General Themes & Cross-Cutting Patterns
The three audits and this council review surfaced four major cross-cutting themes:
Theme 1: Silent Failure is the Dominant Risk Pattern (HIGHEST CONCENTRATION)
- 7 catch→null locations in 5 files
- 20+ bare catch blocks in ChatServices.cs (base repo)
- 11+ fire-and-forget calls in AgentBackgroundService
- WebSocketBridge entire receive loop fire-and-forget
- Pattern: The codebase is resilient-by-fallthrough. Every layer has a "don't crash" blanket catch, but the aggregate effect is opacity — when something fails, there's no breadcrumb trail.
Theme 2: Null is Overloaded Everywhere (11+ meanings)
- Parse failure, planner failure, LLM timeout, JSON error, network error, item not found, blueprint not found, not addressed, too far away, low confidence, unavailable
- Pattern: The codebase uses nullable return types as a universal error channel. Every nullable method has its own private semantics that callers must infer from context.
Theme 3: Architectural Migration Debt
- AgentBackgroundService is a documented God Object with 18+ responsibilities, 18 constructor parameters
- 3 separate BuildOrigin resolution paths in 3 layers
- HtnPlanner still has type-switch branches that docs claim were removed
- Dual state tracking (_currentGoal + facts, dual replan-throttle, dual ConcurrentDictionary)
- Pattern: The migration from deterministic-first to LLM-first architecture is incomplete. Old and new systems coexist with implicit priority rules.
Theme 4: Documentation Drift is a Trust Problem
/api/aboutreports Sprint 36 / v0.37.0 at Sprint 45+- ReplanGovernor doc says "60s timeout" — actual is graduated delay [10,20,30,60]s
- HtnPlanner doc says "type-switch removed" — code still has them
- Phase status memory says "Sprint 41" — codebase is at Sprint 45+
- Pattern: Documentation is treated as a one-time artifact, not a living resource. Each sprint adds drift.

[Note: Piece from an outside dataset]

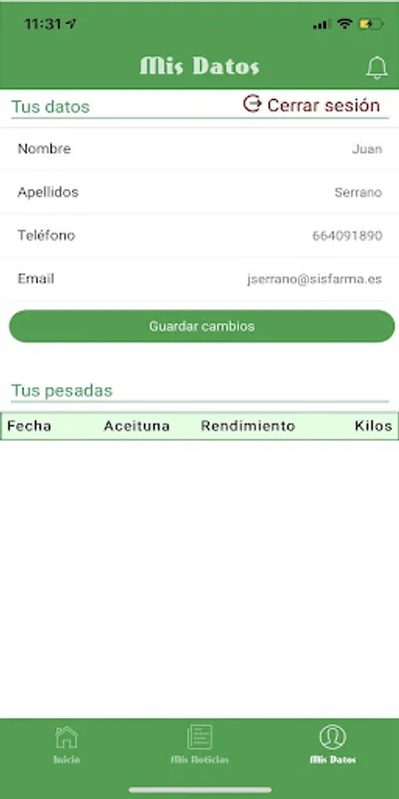 It is an APP developed so that at all times you can check the kilos that weigh your daily harvest, sending you notices of when the truck unloads the harvest in your cooperative.

Patterns That Were NOT Called Out in the Original Audits
This council discovered 8 missed patterns (M-1 through M-8):
| # | Pattern | Files | Severity | Found By |
|---|---|---|---|---|
| M-1 | LLM provider catch→null bare catches | Anthropic/Gemini/OpenAI providers | HIGH | Cross-reference LLM providers |
| M-2 | WebSocketBridge ReceiveLoopAsync fire-and-forget | WebSocketBridge.cs | CRITICAL | Trace event receive path |
| M-3 | int.MinValue sentinel | HtnPlanner + HtnTaskLibrary | MEDIUM | Search for sentinel values |
| M-4 | State duplication | AgentBackgroundService (multiple fields) | LOW-MEDIUM | Trace state ownership |
| M-5 | ReplanGovernor XML doc stale | ReplanGovernor.cs | LOW | Compare doc to code |
| M-6 | HtnPlanner XML doc misleading | HtnPlanner.cs | LOW | Compare doc to code |
| M-7 | ChatServices.cs bare catches (base repo) | MemorySmith.App/Services/ChatServices.cs | HIGH | Search for catch-all blocks |
| M-8 | Test coverage gaps | Tests project | MEDIUM | No tests for any catch→null path |
The common root cause across all missed patterns: the audits focused on what they set out to find (planner architecture, build origin, runtime design) and didn't systematically search for identical patterns in adjacent code (LLM providers, WebSocket bridge, base repo services).